The AI generates a Python script -- perhaps 200 lines -- that connects to the database, queries the tables, engineers some features, trains an XGBoost model, and wraps it in a Flask API. It might even work on the first try.
A Vibe Coding Example #
Here is what a vibe-coded churn pipeline might produce:
# Generated by AI from prompt -- vibe coding approach
import pandas as pd
import xgboost as xgb
from flask import Flask, jsonify, request
from sqlalchemy import create_engine
engine = create_engine("postgresql://user:pass@localhost/simshop")
# Load data
orders = pd.read_sql("SELECT * FROM orders", engine)
customers = pd.read_sql("SELECT * FROM customers", engine)
# Feature engineering (AI-generated, no business context)
features = orders.groupby('customer_id').agg(
total_orders=('order_id', 'count'),
total_spend=('amount', 'sum'),
last_order=('order_date', 'max'),
avg_order_value=('amount', 'mean')
).reset_index()
merged = customers.merge(features, on='customer_id', how='left')
# Churn label -- simple recency-based definition
merged['is_churned'] = (
pd.Timestamp.now() - pd.to_datetime(merged['last_order'])
).dt.days > 90
# Train model
X = merged[['total_orders', 'total_spend', 'avg_order_value']].fillna(0)
y = merged['is_churned'].astype(int)
model = xgb.XGBClassifier(n_estimators=100)
model.fit(X, y)
# Deploy as API
app = Flask(__name__)
@app.route('/predict', methods=['POST'])
def predict():
data = request.json
pred = model.predict_proba([list(data.values())])[0][1]
return jsonify({'churn_probability': float(pred)})
app.run(host='0.0.0.0', port=8080)
This code runs.
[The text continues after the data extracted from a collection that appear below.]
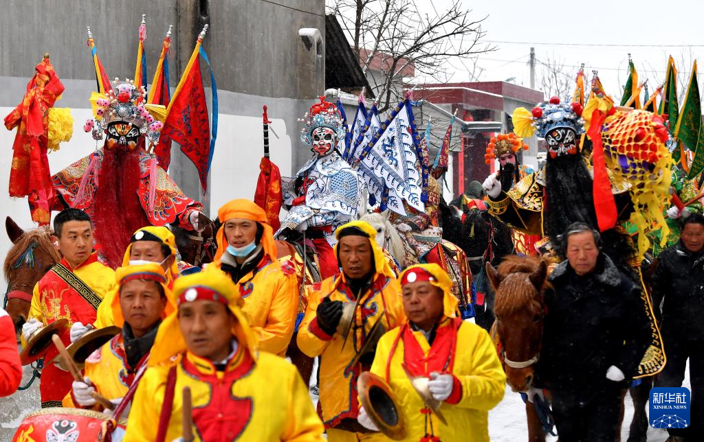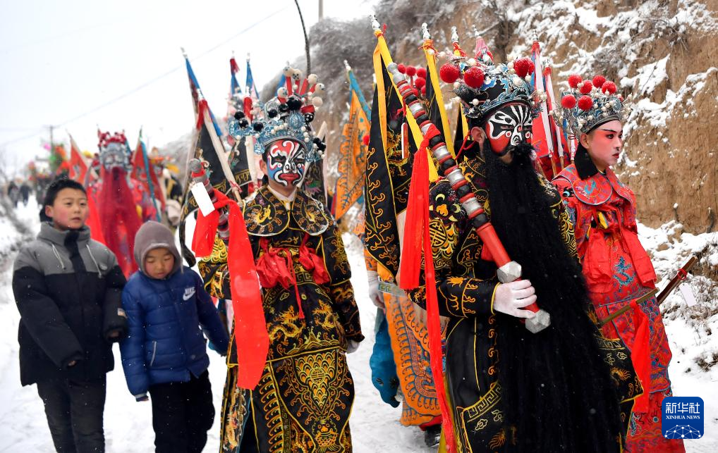 2月23日,陕西省宝鸡市陇县东南镇黄花峪村在进行社火游演。
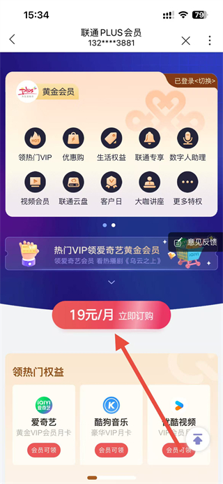 3、在聯(lián)通PLUS會員頁面,點(diǎn)擊立即訂購按鈕,按提示完成會員業(yè)務(wù)開通操作。
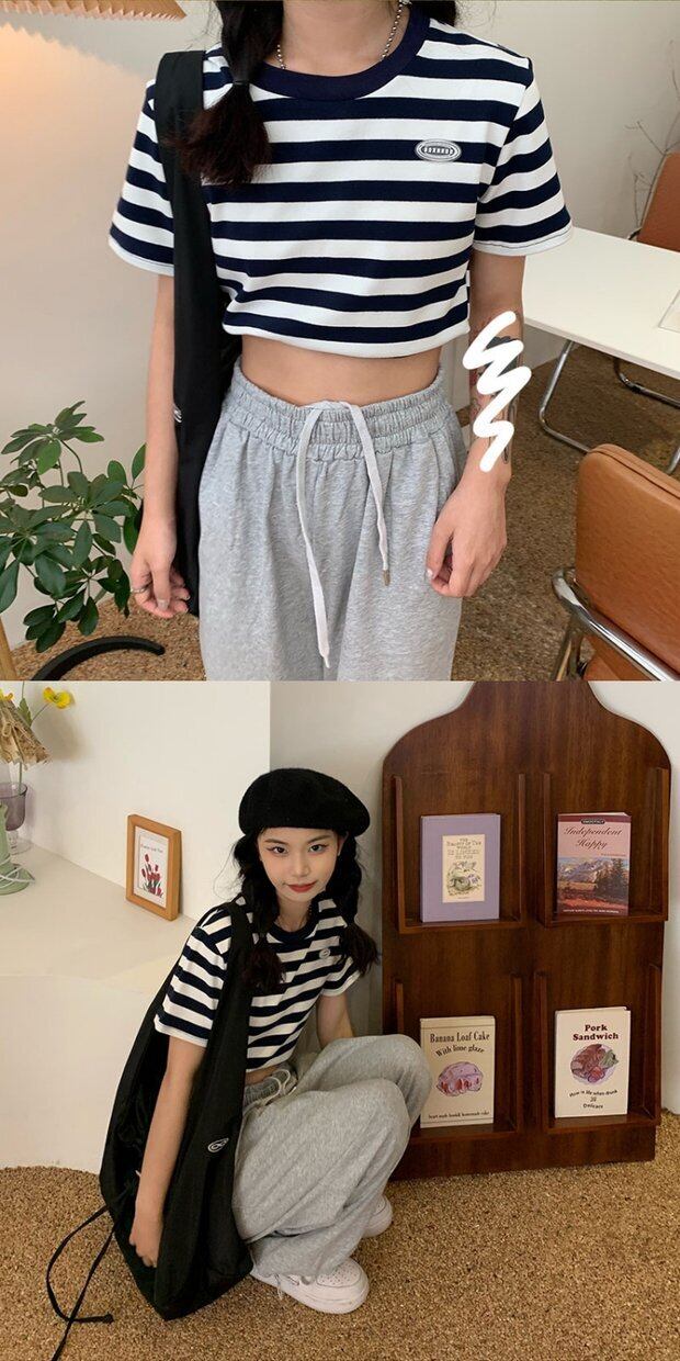 夏服レディーストレンドストライプショートTシャツトップス 夏物 ボーイズ デーモン33786253897

It produces predictions. And it has at least seven critical problems:
- Churn Definition — No login activity check, no seasonal exclusion. Mislabels ~12% of customers.
- Data Quality — No NULL handling for customer_id.
fillna(0)masks missing data silently. - No Train/Test Split — Model evaluated on training data. Reported accuracy is meaningless.
- No Support Data — Business requirement for support ticket sentiment is completely absent.
- No Explainability — GDPR Article 22 requires explanation of automated decisions. Not implemented.
- Hardcoded Credentials — Database password in source code. Security vulnerability.
- No Monitoring — No drift detection, no alerting, no rollback. Silent degradation.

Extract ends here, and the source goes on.